The coordination of Zn²⁺ with 2-methylimidazole through the N atoms can be further evidenced by FTIR spectroscopy, since the Zn−N stretching mode is featured by a strong band at about 420 cm−^{1 13}. Figure 5 shows the FTIR spectrum of ZIF-8 synthesized in our laboratory. There is a strong sharp band peaking at 421 cm−¹ due to Zn−N bonds. The other bands at higher frequencies are ascribed to the 2-methylimidazole ligands ¹⁴.

The thermal stability of ZIF-8 under argon can be controlled by TG analysis (Figure 6). Before the analysis, the students determine the analysis conditions based on the open literature, where it is reported that neat ZIF-8 is stable up to about 300°C and it decomposes up to about 600°C ^{15, 16, 17}. Accordingly, the TG analysis is performed with more than 10 mg of ZIF-8 sample, between 50 and 700°C, and with a heating rate of 10°C min−¹. In our conditions, ZIF-8 is stable up to about 300°C. Above this temperature, it decomposes and shows a weight loss of 56.6 wt% at 610°C. This is consistent with the TG results reported in the references mentioned above. There are slight differences in terms of the onset temperature of decomposition, the temperature at which the decomposition ends, and the weight loss, which can be easily explained to the students because of differences in the experimental conditions (discrepancies in the heating rate and the flow rate of the inert gas mainly). Through a discussion based on the TG curve, the students are theoretically introduced to other techniques that could be coupled to the TG analyzer in order to identify the decomposition gases (namely, gas chromatography and mass spectrometry, as well FTIR spectroscopy), as well as to carbonization of ZIF-8 under inert atmosphere ¹⁸. Briefly stated, ZIF-8 can be synthesized in a quite easy way and in safe conditions, which allows undergraduate students producing enough material for verifying the successful synthesis and its thermal stability by using various analysis techniques such as SEM, powder XRD, FTIR spectroscopy, and TG analysis. Such a laboratory experiment could be adopted in another laboratory as it is, or through adjustments.

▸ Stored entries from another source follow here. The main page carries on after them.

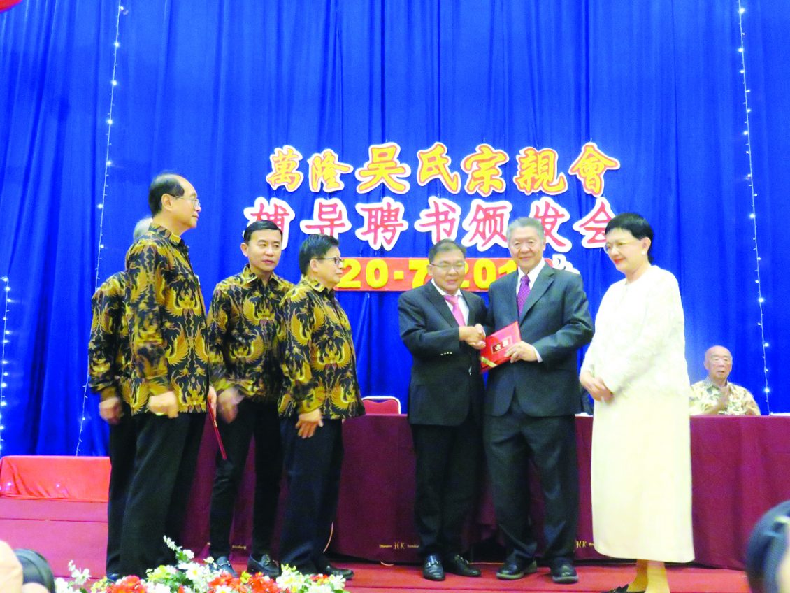 万隆吴氏宗亲会于7月20日上午迎来大喜日子。在万隆客属联谊会所礼堂举办聘请两位宗亲前辈担任辅导的盛会。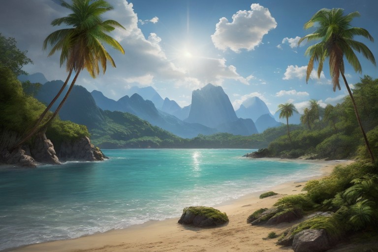 RAW photo, (masterpiece:1.3), subsurface scattering, heavy shadow, (high quality:1.4), (intricate, high detail:1.2), professional photography, HDR, High Dynamic Range, realistic, ultra realistic, photorealistic, high resolution, film photography, ambient lighting, atmospheric effects, <lora:detail_slider_v4:2>, OverallDetail, <lora:Beach:1>, beach, cloud, cloudy sky, nature, no humans, palm tree, plant, rock, scenery, shore, sky, summer, sunlight, tree, mountains in the background, epiCPhoto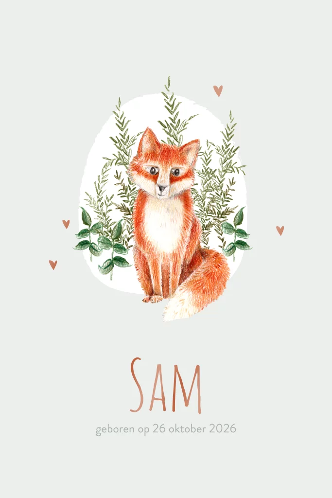 Op zoek naar een origineel getekend geboortekaartje? Dan is dit kaartje geïllustreerd met een vosje en afgewerkt met hoogglans door Marjolein perfect voor jullie jongen! Uniek, vrolijk en ontzettend lief.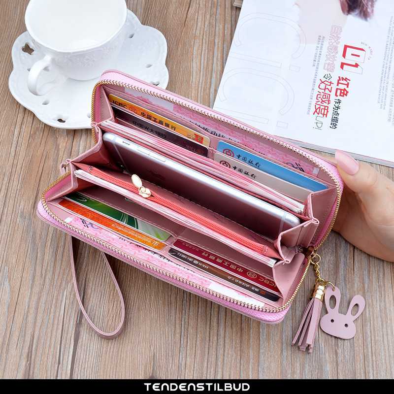Pung dame : tegnebog mode med lynlås lang 2020 stor kapacitet kvinde lyserød telefon ny kvinder, farve : sort, blå, grøn, rød, lyserød, lyserød.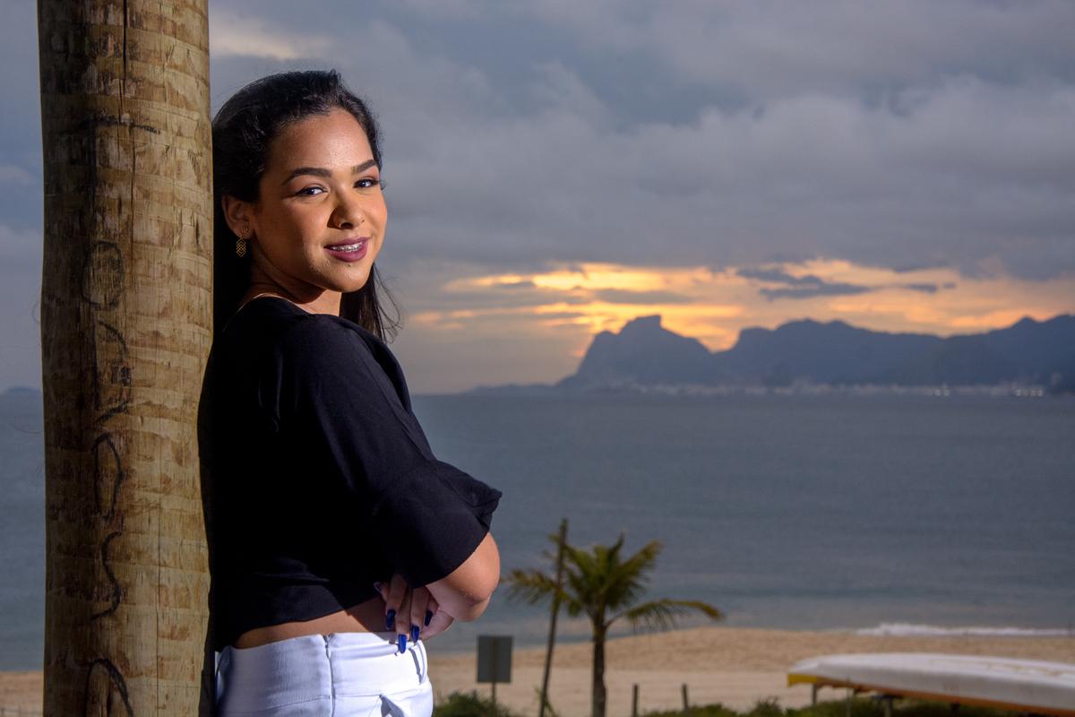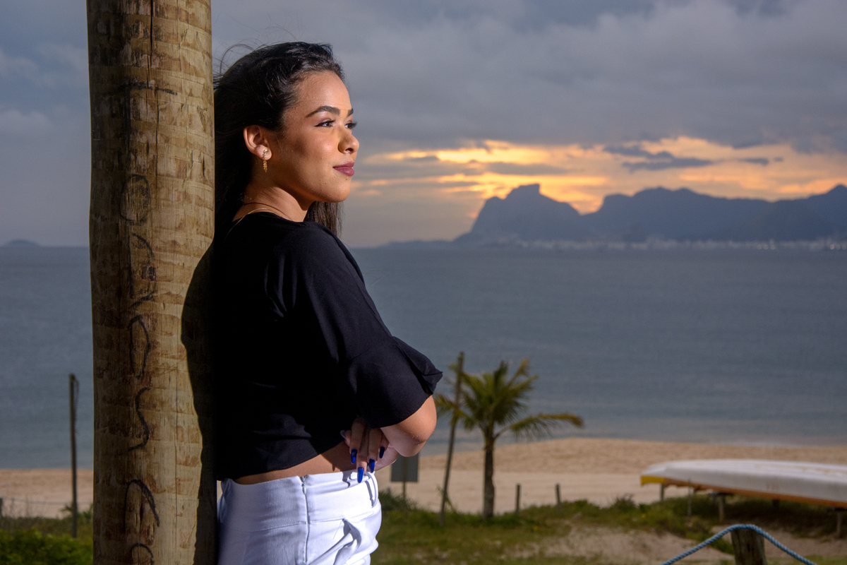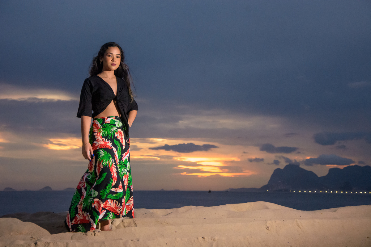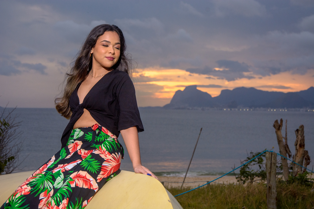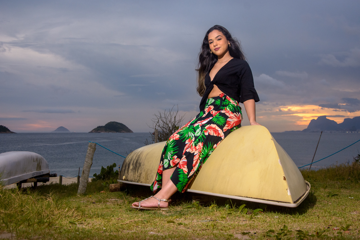 A debutante usou vestido azul e depois um top preto com short branco. Fotografamos também no canal de Itaipú e na praia de camboinhas. Buscávamos o por do sol mas infelizmente o dia não ajudou nessa parte. Pelo menos deu para fazer algumas fotos com alguns raios saindo por entre as nuvens, o que deu um clima bem interessante nessas fotografias.

4. Perspectives of Adoption in another Laboratory

Our laboratory experiment can be adapted by other laboratories with different equipment. If there are restrictions in terms of access to SEM and/or powder XRD, or in terms of number of laboratory sessions, the experiments can be reduced. For instance, SEM can be substituted by optical microscopy (with magnification up to 1000×) or it can be omitted. With respect to powder XRD, it could be abandoned while paying more attention on the computational approach using the CIF of ZIF-8 available in the open literature. Another way to adapt the experiment is to consider alternative analyses and experiments. An example is related to the porous nature of ZIF-8 ¹⁰. The N₂ absorption/desorption method (not available in our laboratory) can be used to determine the textural properties (specific surface area, pore volume, and pore diameter) of ZIF-8. Briefly stated, our laboratory experiment offers opportunities to be adapted by another laboratory that is equipped with some of the aforementioned techniques. However, it is worth keeping in mind that not all of the laboratories are as equipped as our laboratory or, if equipped, they do not allow students getting a full access (techniques only used by qualified technicians). The suggestions made above for replacing SEM and XRD can be considered. If the TG analysis is not possible, and if a furnace is available, the weight loss can be checked by weighting the sample before and after pyrolysis up to 650-700°C. In the case where none of the techniques are available to the students, but they are available to staff members, it is suggested to provide to the students a few SEM images, the powder XRD pattern, the FTIR spectrum and the TG curve and help them to analyze the provided data.

5. Conclusions

This inorganic chemistry laboratory experiment was designed to allow third-year undergraduate chemistry students to discover a MOF experimentally. ZIF-8 was selected because it is easy to synthesize, and the students appreciate this because they produce enough material for the analyses. In this way, the students are introduced and gain experience in solvothermal synthesis, coordination chemistry and MOFs via the synthesis of ZIF-8, SEM, powder XRD and the Mercury software, FTIR spectroscopy, and TG analysis. They are trained to use the analysis techniques independently, because one of the objectives of our laboratory experiment is to develop the autonomy of the students. They are strongly encouraged to analyze the collected data based on the open literature prior to any discussion with their instructor. This gives them an idea of what academic research is, and helps in choosing between a research master’s degree and a professional master’s degree to continue their studies in higher education. After 7 sessions of 4 h each in the laboratory, students have 2 sessions of 4 h each for preparing and finalizing a poster summarizing their work. During the 10^th and last session, the students have to present their poster orally to a jury of four instructors, who ask questions and evaluate their work. In the end, the students gain experimental independency, and this is much appreciated. A last point to mention is that the present laboratory experiment can be adapted by other laboratories. This could be envisaged in different ways: by using only one or few of the mentioned techniques, by using alternate techniques (optical microscopy instead of SEM for example), or by directly providing all of the collected data to students.

Supporting Information

Details about the teaching, instructor notes, and student’s instructions are provided in the online supporting file.

References

Supporting Information

The teaching in the context of our laboratory

The laboratory experiment, done within the teaching unit entitled projets tuteurés chimie, in English, chemistry tutored project, is aimed at third-year undergraduate chemistry students who have chosen the option “science of matter” where inorganic and materials chemistries predominate. I, Demirci, am in charge of the teaching unit.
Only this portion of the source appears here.